On Saturday evening, we settled down to view Winterwatch – Winter of 62-63 (or a title similar to this!)
It had Chris Packham doing the introduction and final part with a 45 minute documentary included.
As a child, I remember this winter but not how it was portrayed in this. I had no idea of how desperate things were around different parts of the countryside/towns/cities. It was amazing to see how much snow fell in such a short time. This combined with a slight thaw and even more snow must have made life very uncomfortable.
What I remember was loads of us children, cutting igloo style blocks of snow to make walls to hide behind whilst have prolonged snowball fights. Our feet were wet and cold and our hands red raw but we seemed to do this for hours. We had no special clothing to wear. Hand knitted mittens soon got wet and were dispensed with, likewise bobbly hats and scarves.
Not many of us had wellingtons and in such cold weather, other than keeping your feet dry, they didn't help with keeping the cold out. We got told off for getting our things wet and had to fill our shoes with newspaper to help them keep their shape as they dried in front of the fire. The steam rose off them and the clothes and we were wishing them dry so we could get back outside and start all over again.
Those were my only memories of that winter. Other winters though, are well remembered. We had no carpets in the bedroom to stand on first thing in the morning. You had to use your fingernails to scrape the ice off the inside of the window panes.
You became very adept at getting dressed whilst still in bed. Going to bed was a little different, you undressed as quickly as possible then put on your pyjama's, leapt into an ice cold bed where you did one of two things. Either you curled into a tight ball, slowly unfurling as each bit of the bed became warm, or you did the bed time jiggle, quickly moving your limbs backwards and forwards to warm as much as the bed as possible.
No one knew about quilts instead we had sheets and blankets, a counterpane and eiderdown.
We had porridge for breakfast then walked to school (usually up to 2-3 miles away). I presume this didn't happen in that winter but I don't remember it not happening. The toilets at school were usually frozen so couldn't be flushed. The janitor could be seen taking kettles of boiling water to try and unfreeze the pipes. We played out in the snow every break, even if it was snowing hard, getting wet yet again.
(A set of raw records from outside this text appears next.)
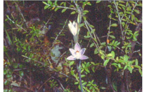
Flowering plant, Kennedy Bay (January).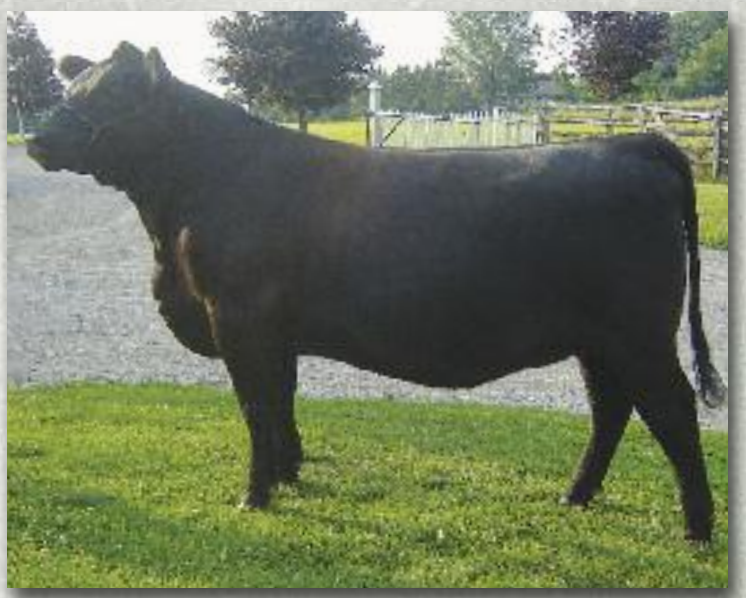
Lot #36 - Gilco Pride 7Z

Sells haltered and vaccinated with Triangle 4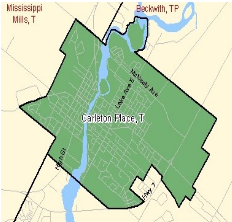
Population, 2011 and 2006 Censuses

In 2011, Carleton Place (Town) had 3,973 private dwellings occupied by usual residents. The change in private dwellings occupied by usual residents from 2006 was 7.3%. For Canada as a whole, the number of private dwellings occupied by usual residents increased 7.1%.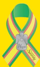
Friends of Serenity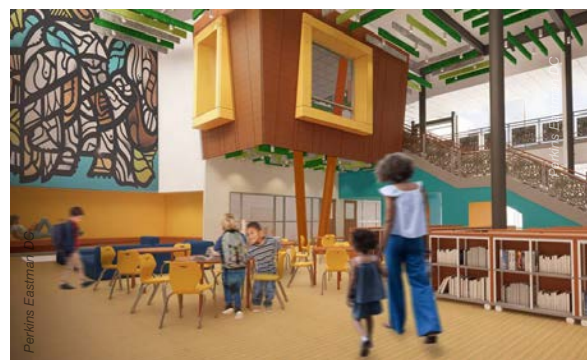
Rendering of West Elementary School learning commons

DCPS is also exploring net-zero-energy buildings, indoor environmental quality measures, material health, rooftop school gardens, outdoor classrooms and bike trails, and activating hallways with elements such as floor balance beams and active collaboration spaces. These conversations are creating novel ideas and solutions for important resources: our community members and leaders of tomorrow.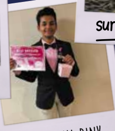
DRESSED IN PINK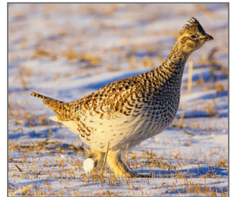
Sharp-tailed Grouse.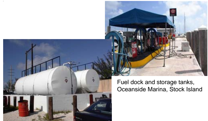
Fuel dock and storage tanks, Oceanside Marina, Stock Island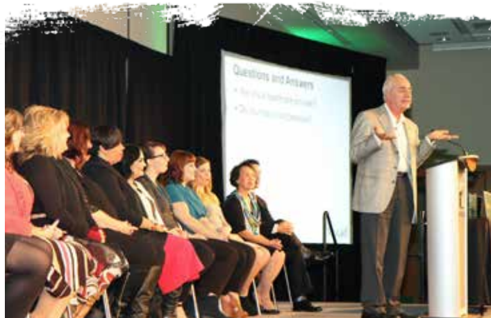
Graduation Day with Style

We love inviting real, successful professionals working in the industry into our classes as guest speakers so they can share their knowledge with our students. Especially, after experiencing success in the salon, many of our graduates will be invited back to share their success stories.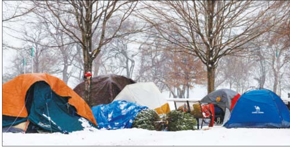
Tents are pictured near Montrose Beach. Dozens of homeless encampments dot the city's North lakefront parks.

But the U.S. Dept. of Housing and Urban Development noted that the number of homeless people also increased in most of the rest of the state, too. The federal report attributed that growth to a lack of affordable housing, increased shelter capacity, extreme cold that brought people into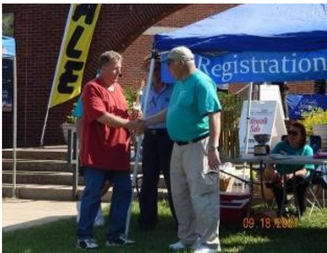
Presenting the President's Choice Award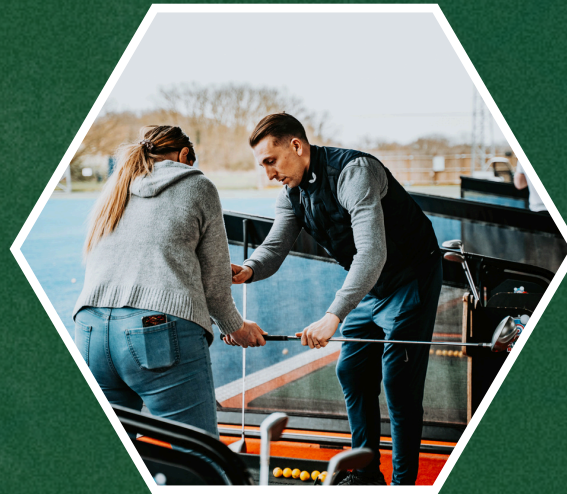
Group Golf Lesson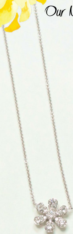
14K White Gold .48ctw Diamond Flower Necklace $1364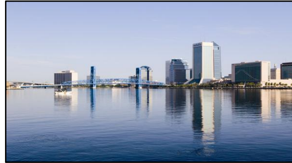
The Jacksonville riverfront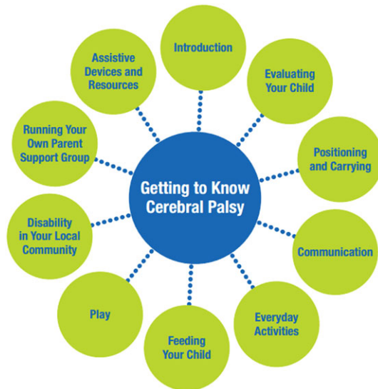
FIGURE 1 Outline of modules for parent support group training, available at http://disabilitycentre.lshtm.ac.uk/getting-to-know-cerebral-palsy/ [Colour figure can be viewed at wileyonlinelibrary.com ]

screening was used to find sufficient local cases to run the group. Children had a confirmed diagnosis of cerebral palsy and were aged 18 months to 12 years, and caregivers had not attended any parent support group nor any regular physiotherapy with their child.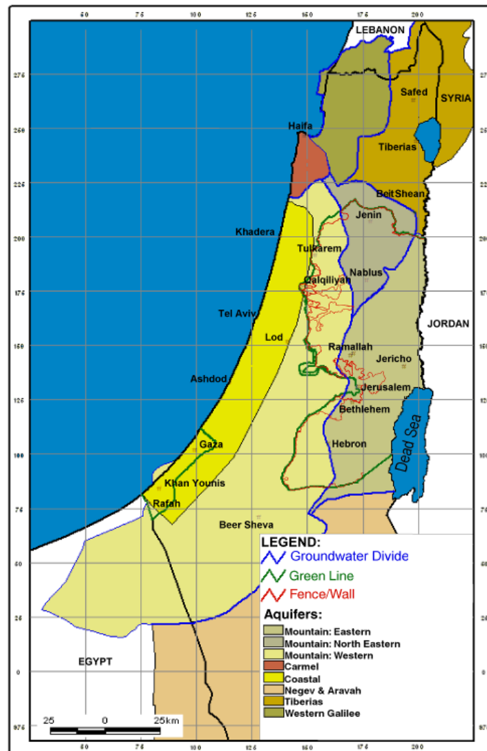
Figure 1. Trans-boundary Israeli-Palestinian water resources.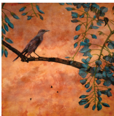
'Future Predecided' (from top); 'Mockingbird'; 'Grackle'; 'Butterfly Effect VI' (opposite page); League's process

artifacts and imagery is simple, primal and speaks to my soul.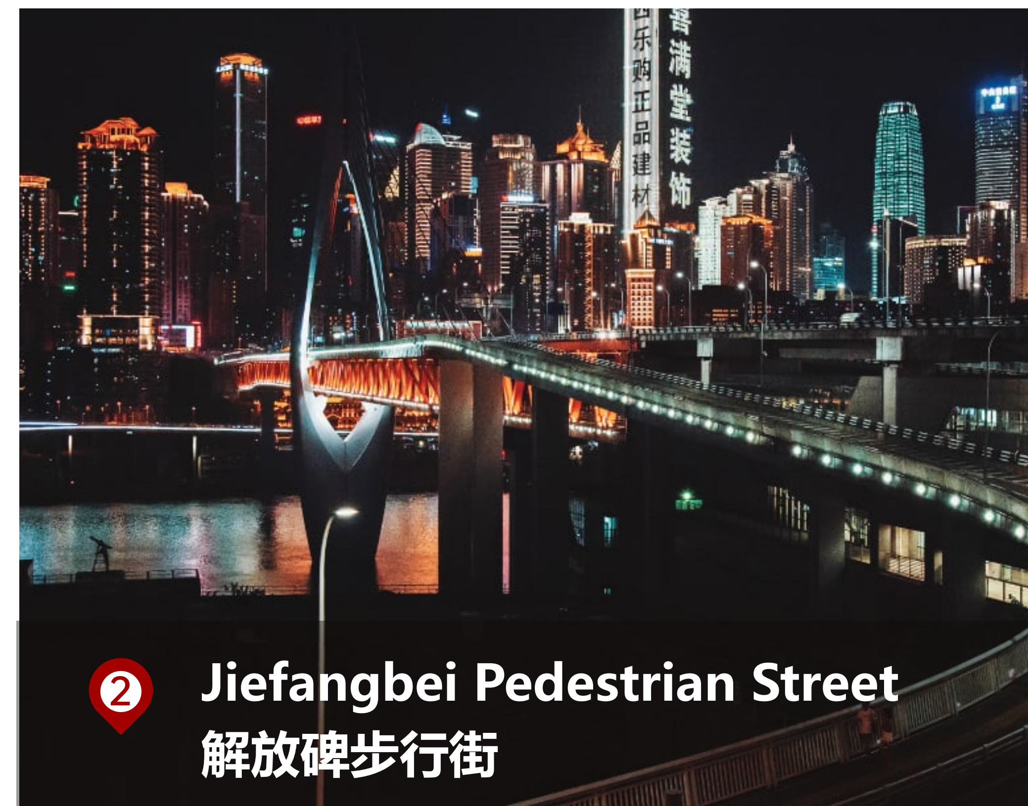
② Jiefangbei Pedestrian Street 解放碑步行街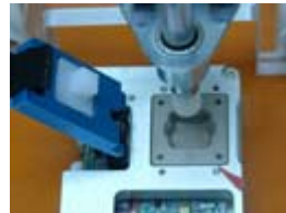
RF IC MODULE TESTING FIXTURE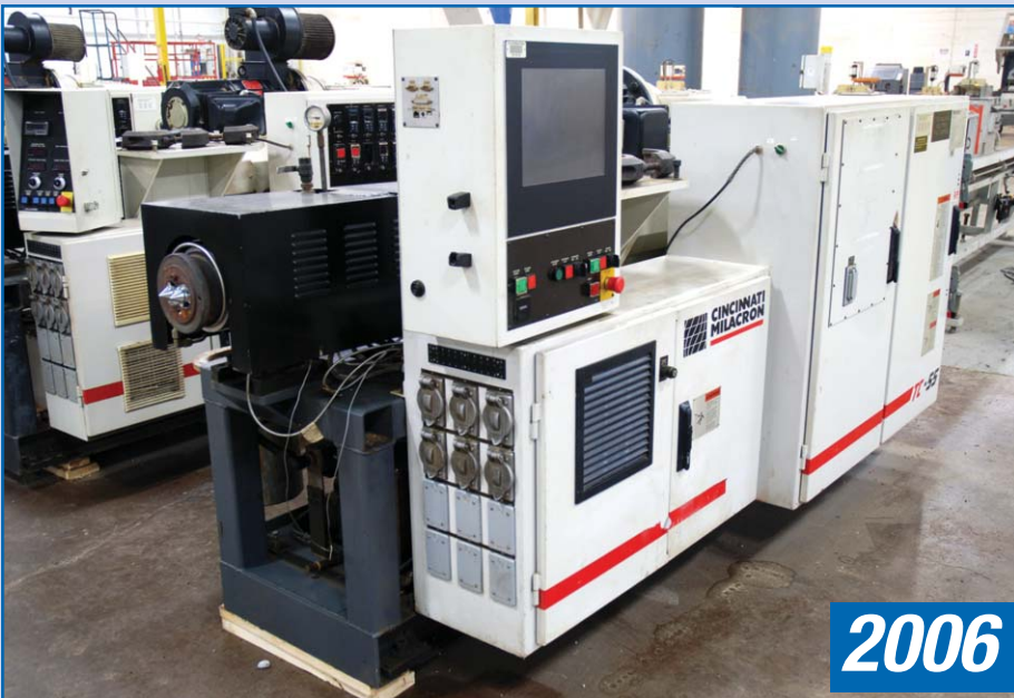
CINCINNATI MILACRON TWIN SCREW EXTRUDER, MODEL TC-55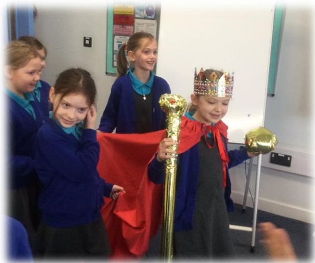
Year 3 exploring the coronation ceremony of Queen Elizabeth II.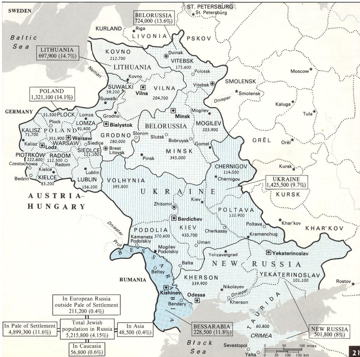
Map source: Atlas of Modern Jewish History by Evyatar Friesel

From the 1790s until World War I, Jews in the Russian Empire were for the most part restricted to Poland and the Pale of Jewish Settlement. The Pale consisted of the Vice regencies of Belorussia, Bessarabia, Lithuania, New Russia, and Ukraine. Poland was a separate entity which was merged into the Pale by the early 1870s. Each vice regency was composed of one or more guberniyas.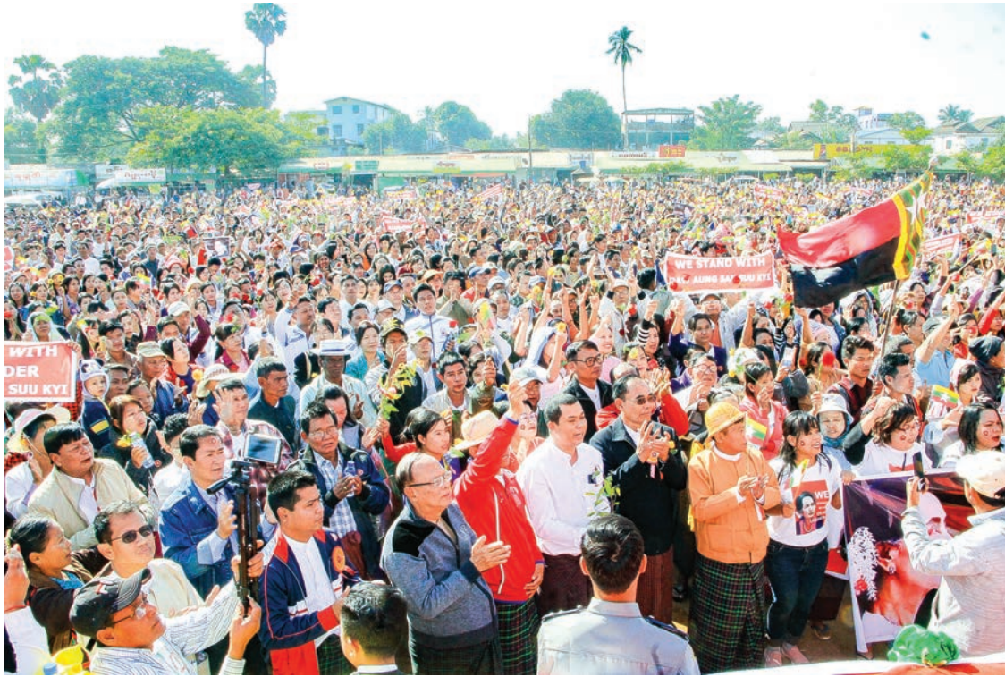
People hold the mass rally in Bago to support State Counsellor Daw Aung San Suu Kyi who will contest the case filed by the Gambia at the International Court of Justice (ICJ).

NATIONWIDE mass rallies were held yesterday in support of State Counsellor Daw Aung San Suu Kyi who will contest the case filed by the Gambia at the International Court of Justice (ICJ).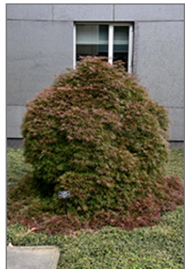
Orangeola Cutleaf Japanese Maple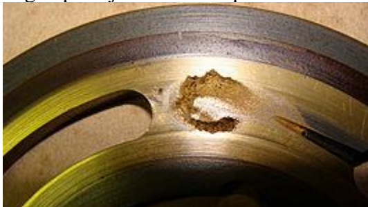
Cavitation damage on a valve plate for an axial piston hydraulic pump .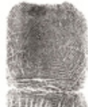
8. Left Middle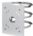
PFA150 Pole mount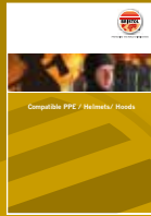
Compatible PPE Hoods and Helmets

T: +44 117 956 3101 F: +44 117 956 5927 E: enquiries@bristoluniforms.com W: www.bristoluniforms.com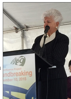
Rep. Napolitano discusses transportation safety issues in City of Industry on November 10.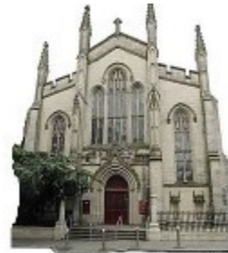
St Andrew’s Cathedral (1836)

Welcome to St. Andrew’s Cathedral, Our Lady of Good Counsel, Broughty Ferry and St Mary, Our Lady of Victories, Forebank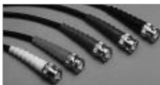
RG-58 Thin Ethernet BNC to BNC Cables Constructed of 50 Ohm, 95% Braid & 100% Foil Shield Cable, 20 AWG Stranded (Belden 9907 Equivalent), Black PVC Cable.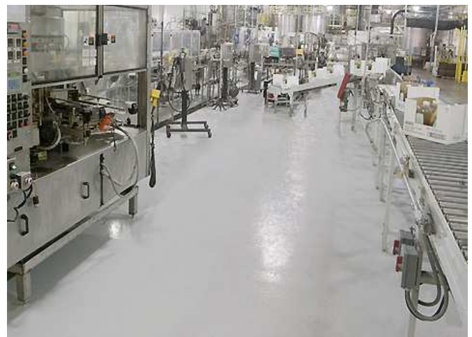
Food Drinking Flooring [Hot Cook Water Area]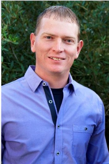
Chief Financial Officer

Huge slides would be created from one corner to another of the playground. No one ever put salt on them. It was considered character forming and once you learnt to slide, it was great fun.
The bell would be rung and in we would go. If you were lucky, the heating was working, if not, you envied those sitting close to the temporary heaters. Condensation quickly formed on the windows from all us wet bodies, slowing freezing and forming intricate patterns. Frozen bottles of milk had been brought indoors for early morning but it was often afternoon before they had thawed. Each had a 1 inch or so, risen icicle where it had come above the rim as it froze. The silver foil tops sitting astride at a topsy turvy angle.
Eventually it was home time and off we trudged. It was barely still light before we got home. Something nice and hot was served for tea, and if you were lucky, it wasn't bath night. Whilst we had got past the stage of tin baths in front of the fire (although some of my school mates still used these), the bathrooms were freezing places with barely warm water. After supper (a glass of milk and a biscuit if you were lucky), off you traipsed to bed to begin the cycle once more.